As the market changes, people’s stock investing behavior also changes. This is also true about stock options trading strategies. Some investors categorize option trading strategies as bullish, bearish, and neutral strategies.
When the stock prices are rising, the market is referred to as bullish. Some options strategies for bullish markets include the long call, bull call spread, call back spread, covered call, and protective put.
The call back spread strategy has unlimited rewards with limited risk. The call back spread is selling at least one call at a low strike price and buying more calls at a higher strike price.
A protective put is also called a put hedge. This strategy is a way to protect the investor’s stocks from declining prices by buying puts to cover their shares. A covered call is writing calls for stocks that the investor owns.
The long call is often considered the most basic options trading strategy. Selling naked puts is common for investors who want to buy the stock for their portfolios at the strike price.
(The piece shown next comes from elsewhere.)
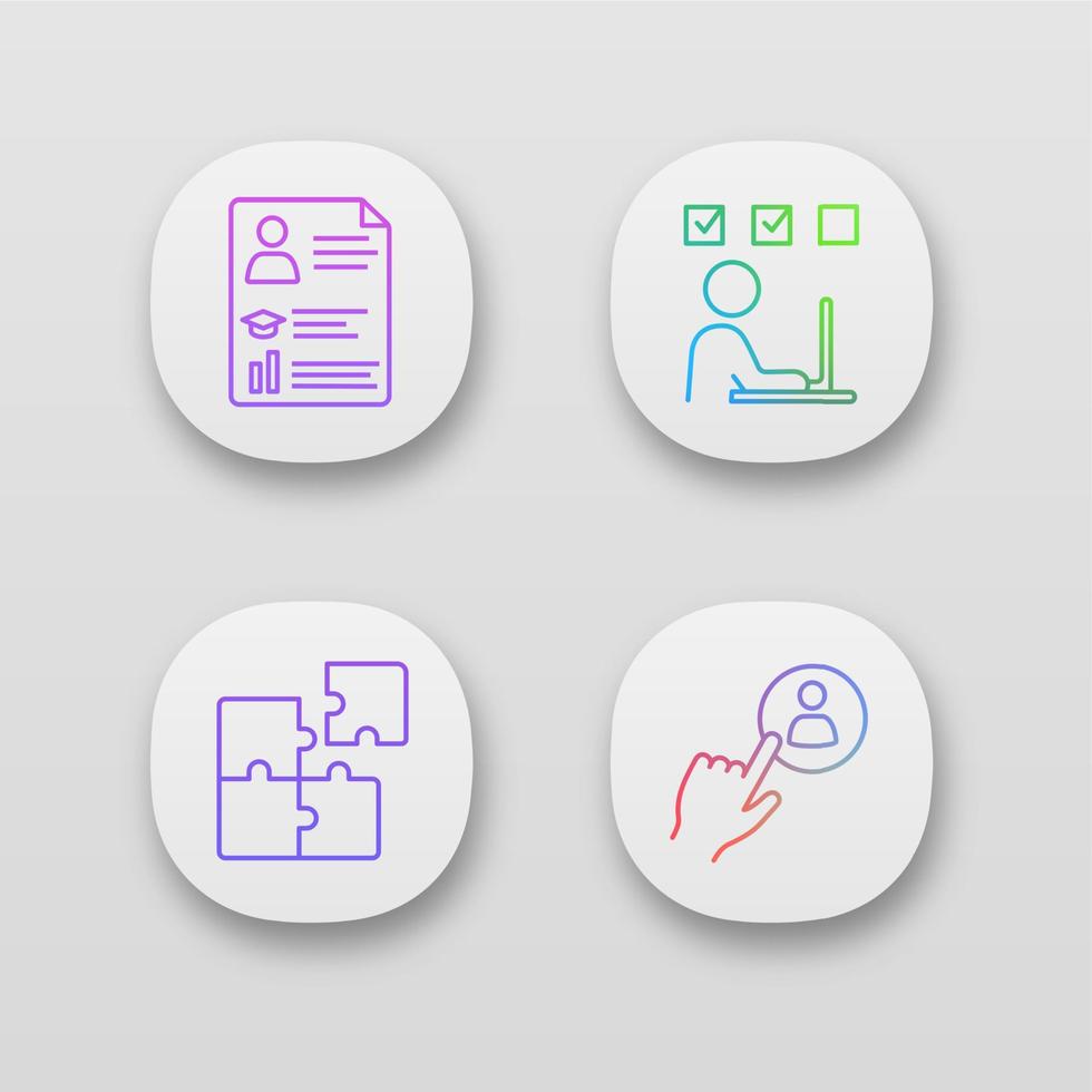 conjunto de iconos de aplicaciones de gestión empresarial. currículum, capacitación en línea, búsqueda de soluciones, botón de contratación de personal. interfaz de usuario ui ux. aplicaciones web o móviles. Ilustraciones de vectores aislados Vector Pro

A market with stocks that are decreasing in value is described as bearish. Options strategies for bearish markets include a bear put spread, bear call spread, long put, and put back spread. The bear put spread and bear call spread are two low risk, low reward strategies when the underlying is expected to decline.
Writing a naked call is a more risky bearish trading strategy. An investor selling a naked call doesn’t own the underlying stock. The investor is expecting the stock to decrease or remain the same. If the investor is wrong and the stock price rises, the naked call strategy could have unlimited risk.
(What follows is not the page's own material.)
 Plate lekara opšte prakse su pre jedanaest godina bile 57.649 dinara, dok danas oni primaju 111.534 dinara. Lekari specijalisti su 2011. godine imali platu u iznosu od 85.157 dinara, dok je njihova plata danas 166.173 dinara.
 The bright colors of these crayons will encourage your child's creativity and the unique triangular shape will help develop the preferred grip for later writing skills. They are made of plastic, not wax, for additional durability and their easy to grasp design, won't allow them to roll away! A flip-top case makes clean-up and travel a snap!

Neutral trading strategies can be for investors who prefer limited risk with limited rewards. Some neutral strategies are designed to make the most of a relatively stable value of the underlying asset. These strategies can also be used to make a profit from underpriced or overpriced options.
Examples of neutral options strategies include the butterfly, conversion, condor, long straddle, short straddle, long strangle, and short strangle. The conversion strategy is used by floor traders to profit from overpriced options.
The butterfly spread is a strategy with limited risk and rewards. The butterfly strategy can be used with all calls or all puts with the same expiry and for the same underlying asset. This strategy entails selling or writing two options at the middle strike price and buying two options. The options to be bought are at the higher and lower strike prices.
The condor strategy is similar to the butterfly except the options used are spread over four strike prices instead of three. The straddle and strangle options strategies are used by aggressive investors when the underlying is expected to remain relatively stable in value.